Being a linguistics nerd, I've often wondered why the phonemic repertoire differs between different languages. Put more simply: why do languages all sound different?
I first ran into this -- although I had to have it pointed out to me -- with French and English. I grew up in a bilingual family (my mom's first language was French), so while I'd heard, and to a lesser extent spoken, French during my entire childhood I'd never noticed that there were sounds in one language that didn't occur in the other. When I took my first formal French class as a ninth-grader, the teacher told us that French has two sounds that don't occur in English at all -- the vowel sound in the pronoun tu (represented in the International Phonetic Alphabet as /y/) and the one in coeur (represented as /ø/). Also, the English r-sound (/r/) and the French r-sound (/ʁ/) aren't the same -- the English one doesn't occur in French, and vice-versa.
Not only are there different phonemes in different languages, the number of phonemes can vary tremendously. The Hawaiian language has only thirteen different phonemes: /a/, /e/, /i/, /o/, /u/, /k/, /p/, /h/, /m/, /n/, /l/, /w/, and /ʔ/. The last is the glottal stop -- usually represented in written Hawaiian as an apostrophe, as in the word for "circle" -- po'ai.
If you're curious, the largest phonemic inventory of any human language is Taa, one of the Khoisan family of languages, spoken mainly by people in western Botswana. Taa has 107 different phonemes, including 43 different "click consonants." If you want to hear the most famous example of a language with click consonants, check out this recording of the incomparable South African singer Miriam Makeba singing the Xhosa folk song "Qongqothwane:"

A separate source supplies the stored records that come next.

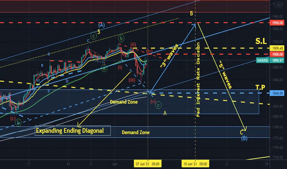 Gold maybe is forming an expanding ending diagonal, Short at around 1900, ( where is an intersection of down trend line with pitchfork median line ). Stop Lost at 1910..Target Profit at around 1840 << where there is an intersection of 1) 4h 200 EMA 2)Pullback Zone of Long Term Down Trend line Breakout 3) Pitchfork lower support line..>>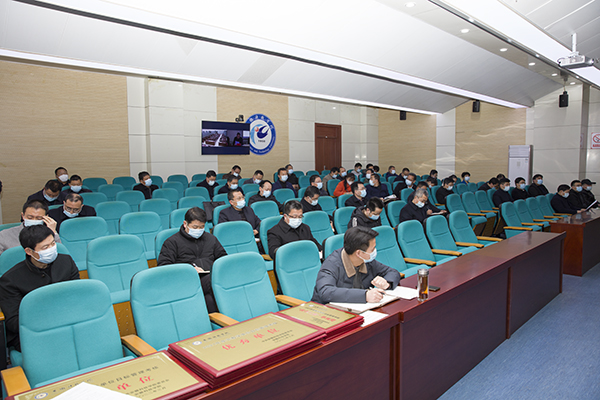 3月25日下午,学校召开单位(部门)2022年度重点工作任务部署会,党委书记蒋德勤,党委副书记、院长李震,党委委员、副院长黄远友,党委委员、纪委书记、监察专员王强,党委委员、副院长黄友锐,党委委员、副院长李升和出席会议,各部门主要负责同志和教学院(部)党、政主要负责同志参加会议,会议在两校区同时举行,凤阳校区会场设在会议中心一楼报告厅,龙湖校区各学院在视频会议室参加会议。会议由李震主持。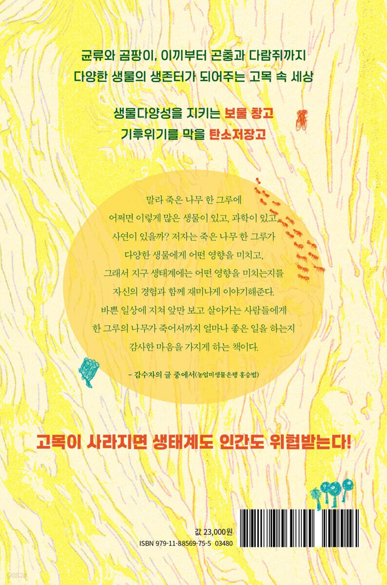 “말라 죽은 나무 한 그루에 어쩌면 이렇게 많은 생물이 있고, 과학이 있고, 사연이 있을까? 저자는 죽은 나무 한 그루가 다양한 생물에게 어떤 영향을 미치고, 그래서 지구 생태계에는 어떤 영향을 미치는지를 자신의 경험과 함께 재미있게 이야기해준다. 바쁜 일상에 지쳐 앞만 보고 살아가는 사람들에게 한 그루의 나무가 죽어서까지 얼마나 좋은 일을 하는지 감사한 마음을 가지게 하는 책이다.”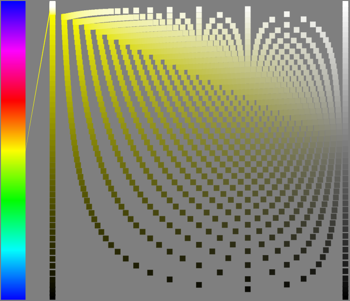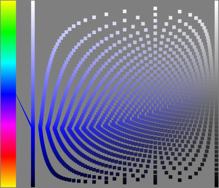 The hsLab tool also begins to show interesting saturation patters. Columns of color have equal saturation - but when combined with the lightness dimension, they form these interesting "tree ring" like patterns. Most other color pickers artificially stretch these colors into a square. The hsLab tool lets the colors fall where they may, which better highlights their relationship to other colors in both the saturation and lightness dimension.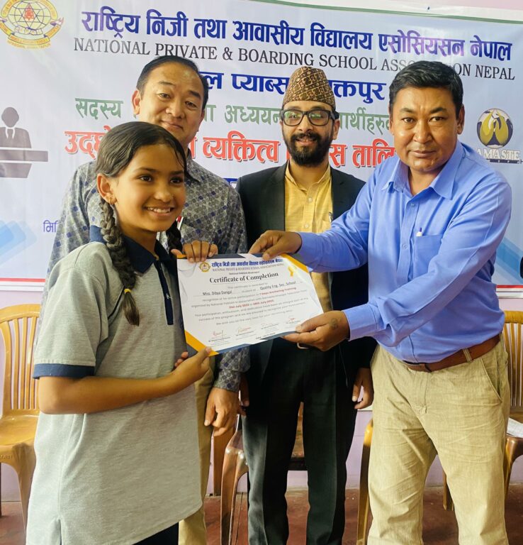 प्रमुख अतिथि ढुकुछुले प्रमाण पत्र वितरण पछि बोल्दै भने, “नेसनल प्याव्सन भक्तपुरले विद्यार्थीहरुको लागि उदघोषण र बोल्ने कलाको तालिम प्रदान गरी विद्यार्थी जीवन देखि नै व्यक्तित्व विकासमा टेवा दिन सकेकामा ह्रृदय देखि धन्यावद छ ।”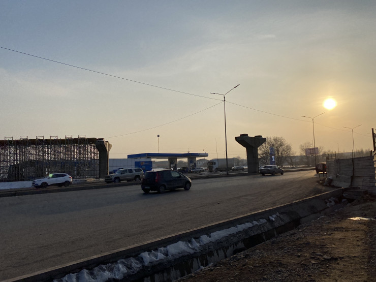 Сейчас там не ведутся никакие строительные работы. Жителям жилого комплекса "Асыл Арман", расположенного вдоль трассы Алматы - Бишкек, стройка эстакады закрыла единственный центральный выезд, сейчас они вынуждены добираться в город и обратно окольными дорогами.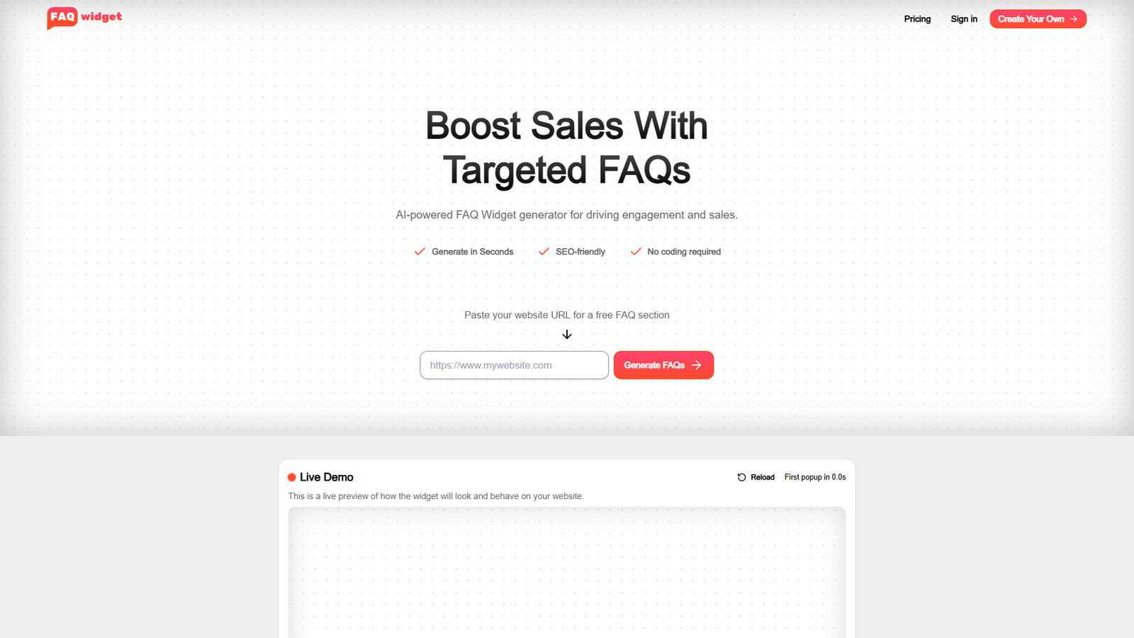 Сервис предлагает живой демо-просмотр: вы сразу видите, как FAQ-виджет будет выглядеть и вести себя на вашем сайте. Это позволяет протестировать решение и оценить эффект до того, как вы примете окончательное решение.

So if you've ever wondered why your language has the sounds it does, here's at least a partial explanation. I'll end with another video that is a must-watch, especially for Americans who are interested in regional accents. I live in upstate New York but was raised in Louisiana and spent ten years living in Seattle, so I've thought of my own speech as relatively homogenized, but maybe I should listen to myself more carefully.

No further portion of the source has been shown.